Shortly after we re-launched the web archive we undertook some user research which revealed that web archive users were generally unaware of the social media archive. When we showed it to them they thought it was interesting but felt it was not very useful without a search function.
Last year, we launched a project with MirrorWeb to improve the social media archive, guided by the results of the user research. In November 2019 we were proud to re-launch the archive with the following improvements.
We were able to start capturing UK Government Flickr channels for the first time. This was particularly important at the time as Flickr had announced that free account users would only be able to store 1000 photos. If an account held more than 1000 images, the additional images would start to be deleted from 12 March 2019. We identified that several accounts in scope for our programme were at risk of losing images so we were very pleased to be able to capture the channels in full before the deletion took place.
Flickr posts are captured directly from the API and made available through a custom interface in a similar way to YouTube and Twitter content. By capturing directly from the API we were able to capture all the posts which existed on the channel at the time of capture. Some government organisations started using Flickr over a decade ago so we were able to a great deal of older content including some posted by organisations such as the Department for Innovation, Universities and Skills (DIUS) which closed some years ago.
Image of former Prime Minister Gordon Brown archived from the Department for Innovation, Universities and Skills (DIUS) Flickr channel in the UK Government Social Media Archive - https://webarchive.nationalarchives.gov.uk/flickr/diusgovuk/3487816057
We also, further increased the number of channels we regularly capture and now capture the channels of the full range of organisations in scope for our web archiving programme, including temporary bodies such as public inquiries, those set up to support specific campaigns, such as _#knifefree, and those of NHS bodies with a national focus. We now capture over 300 Twitter channels, over 200 YouTube channels and almost 50 Flickr channels.
Access page for the archived _#knifefree YouTube channel in the UK Social Media Archive - https://webarchive.nationalarchives.gov.uk/video/UCjfhjCG1BlOFi-bkYwDMYJg
As part of the improvement project we also undertook a complete re-design of our social media archive access pages. Our platform access pages were adapted to better display the increased number of channels. A filter has been added to the top of each page to help users find channels quickly.
YouTube platform access page in the UK Government Social Media Archive filtered to display channels with a
name including the word ‘Research’ - https://webarchive.nationalarchives.gov.uk/video/
Channel access pages now include a search function to enable users to search by keyword(s) within the channel and a date range filter.
Finally, we introduced a full text search function (https://webarchive.nationalarchives.gov.uk/social/search/) which enables users to search by keyword(s) across the content of the social media archive. It searches the full text of archived Tweets and the titles and descriptions of archived YouTube videos and Flickr multimedia posts. Search results can be filtered by platform, filter and channel and keyword(s) can be included or excluded. We believe this is a world first and are very excited by how it has improved the findability of content in the archive and by the new opportunities it offers our users.

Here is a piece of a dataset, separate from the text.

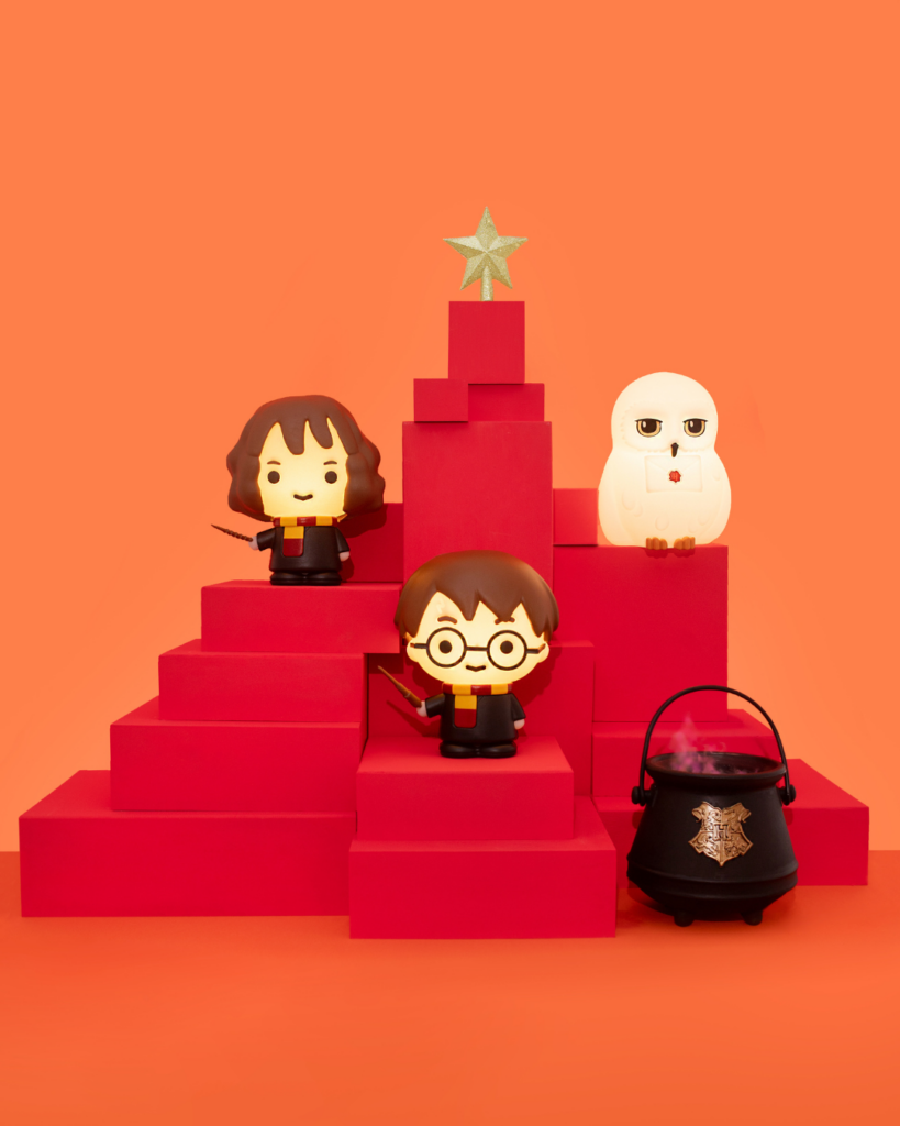 Cheirinho de Natal e muita magia no ar! Sim, uma ideia cheia de encantos é uma árvore iluminada por Harry Potter, Hermione, Hedwig e até um Caldeirão com fumacinha colorida e o aroma que você quiser.
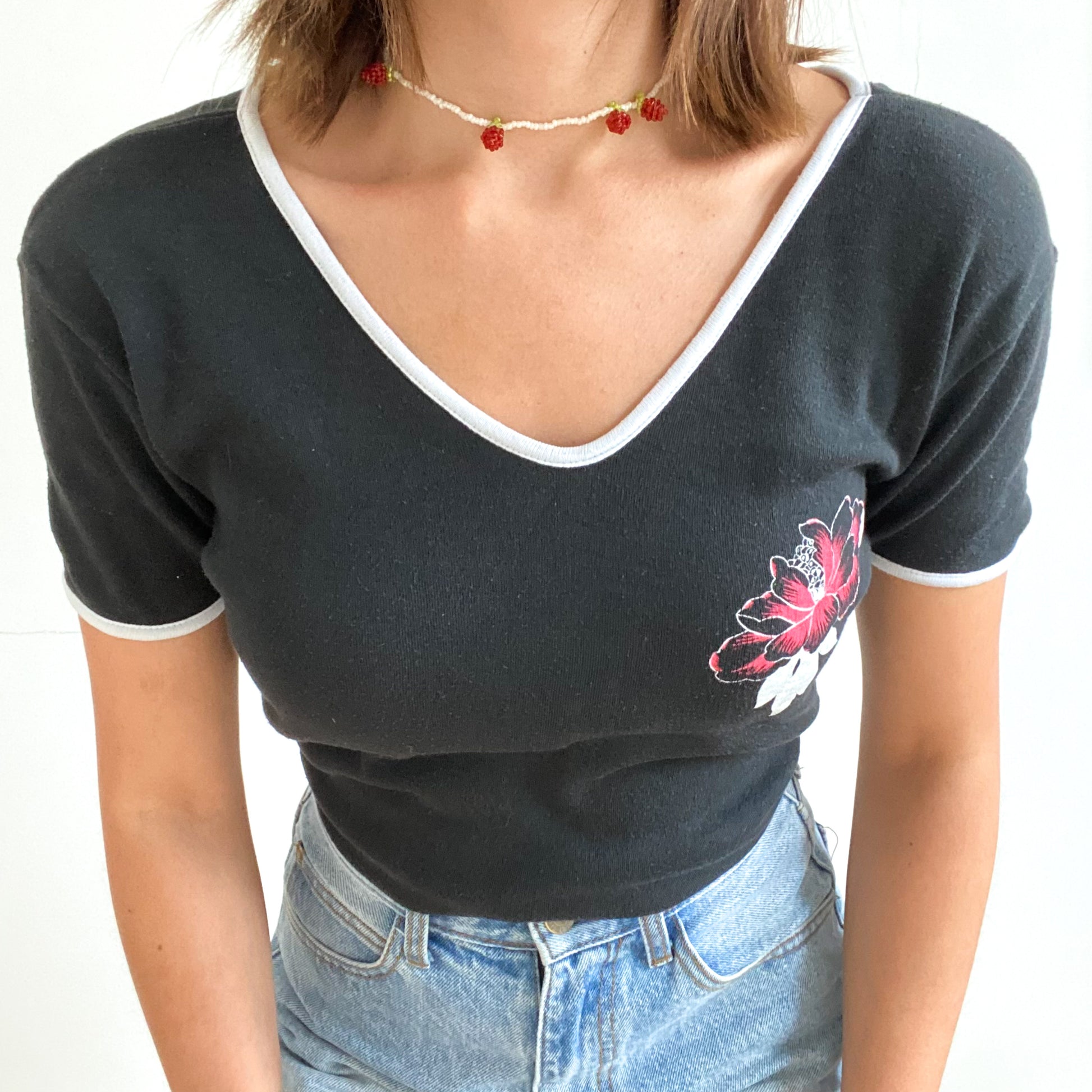 Black and White Flower Top

UK Government Social Media Archive full text search facility showing results of a
search for “Mo Farah” - https://webarchive.nationalarchives.gov.uk/social/search/
We have many plans to further improve the archive in future. They include: researching methods of capturing other social media platforms such as Instagram and LinkedIn, working to introduce an integrated full text search function which will search across the UK Government Web Archive and UK Social Media Archive and undertaking a further user research project to guide future developments.
Please try out the new and improved archive and send any feedback to: webarchive@nationalarchives.gov.uk.
Finally, we all know that the internet, including social media, is really all about the cats, and the UK Government Social Media Archive is no exception. So I’ll leave you with a video archived from the HM Treasury YouTube channel of Gladstone, the Treasury cat, advertising London Open House.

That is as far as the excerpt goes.